Oposisi Tandatangani Kesepakatan dengan Presiden Ukraina

Peace Deal Signed to End Bloodshed in Divided Ukraine

Editor : Ismail Gani
Translator : Novita Cahyadi


Oposisi Tandatangani Kesepakatan dengan Presiden Ukraina
Unjuk rasa di Kiev, pemimpin oposisi Vitali Klitschko disalami Presiden Ukraina Viktor Yanukovych (atas) dan aksi pengunjuk rasa (Foto2: Mail Online)

Kiev (B2B) - Presiden Ukraina Viktor Yanukovych dan tiga pemimpin oposisi utama, Jumat (21/2), menandatangani kesepakatan untuk melaksanakan pemilihan umum dan mengurangi kekuasaan presiden guna menyelesaikan krisis berdarah di negeri itu.

Kesepakatan tersebut menyangkut perubahan undang-undang dasar guna mengurangi wewenang presiden, pembentukan pemerintah persatuan nasional dan pemilihan dini presiden, kata kantor pers presiden Ukraina, seperti dilansir Xinhua.

Kesepakatan itu menyerukan penyelenggaraan pemilihan dini presiden tahun ini, meskipun belum ada tanggal yang ditetapkan. Pemungutan suara tersebut mulanya dijadwalkan diselenggarakan pada Maret 2015.

Berdasarkan kesepakatan itu, "pemerintah baru nasional" akan dibentuk dalam waktu 10 hari.

Para penengah Uni Eropa menandatangani sebagai saksi --menteri luar negeri Jerman, Prancis dan Polandia, kata kantor pers itu.

Dalam waktu satu jam setelah penandatanganan, parlemen Ukraina melakukan pemungutan suara guna memulihkan undang-undang dasar 2004, yang membatasi kekuasaan kepala negara dan memberi parlemen kendali lebih besar mengenai susunan pemerintah, termasuk perdana menteri.

Sebanyak 386 dari 450 anggota parlemen mendukung peraturan itu.

Parlemen juga melakukan pemungutan suara guna mendukung penyelenggaraan pemilihan presiden paling lambat Oktober 2014 dan amnesti bagi semua pemrotes yang terlibat dalam pawai anti-pemerintah.

Kiev - A tense calm prevailed in the Ukrainian capital after President Viktor Yanukovych and opposition leaders signed a deal on Friday to end the country´s violent crisis which had left deaths and injuries.

The peace agreement envisaged constitutional changes, an early presidential election this year and the formation of a national unity government within 10 days.

However, things in the Independence Square, the main site of anti-government rallies since November, did not seem to be going as many expected.

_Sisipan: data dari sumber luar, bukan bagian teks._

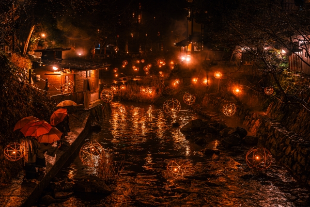 Every winter, Kurokawa Onsen hosts a beautiful illumination event called “Yuakari.”

Thick and choking smoke, blackened walls, guarded exits of encampment, scattered household supplies, and protesters chanting slogans under the podium of speakers -- all of these were reminders of intense clashes and bloodshed that had torn up the former Soviet republic in the last three months.

With the tense calm shrouding the square, some predicted the demonstrations there might not be over despite the peace accord, believing the opposition would not quit such an arena.

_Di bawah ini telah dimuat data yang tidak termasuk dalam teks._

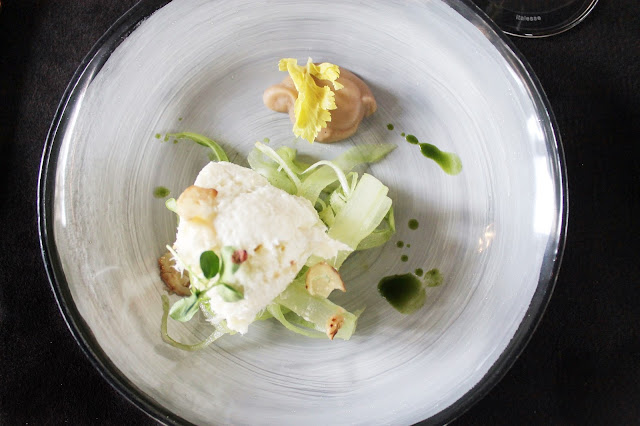 Passatelli asciutti, cardi, Parmigiano e burro al profumo di cipresso firma inconfondibile della cucina vegetale dello chef Parini.
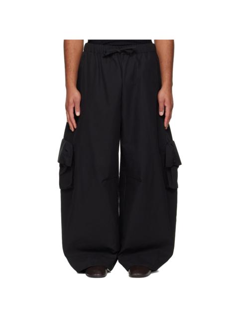 Black Multi Pocket Puddle Drawstring Cargo Pants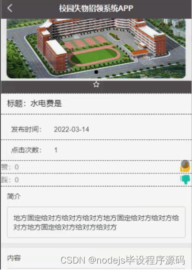 校园信息,在校园信息页面可以查看标题、图片、发布时间、内容等信息,并根据需要进行收藏操作,如图4-4所示。

Instead of dismantling the camps and leaving the square after the deal was struck, demonstrators pitched new tents to replace those burnt down in clashes with the police.

Outside the square, Ukrainians were apparently divided on the internationally mediated agreement.

However, the accord was unsatisfactory for businesswoman Oksana Lytvyn. She believed the presidential election should be held immediately and those responsible for violent clashes and casualties should be punished.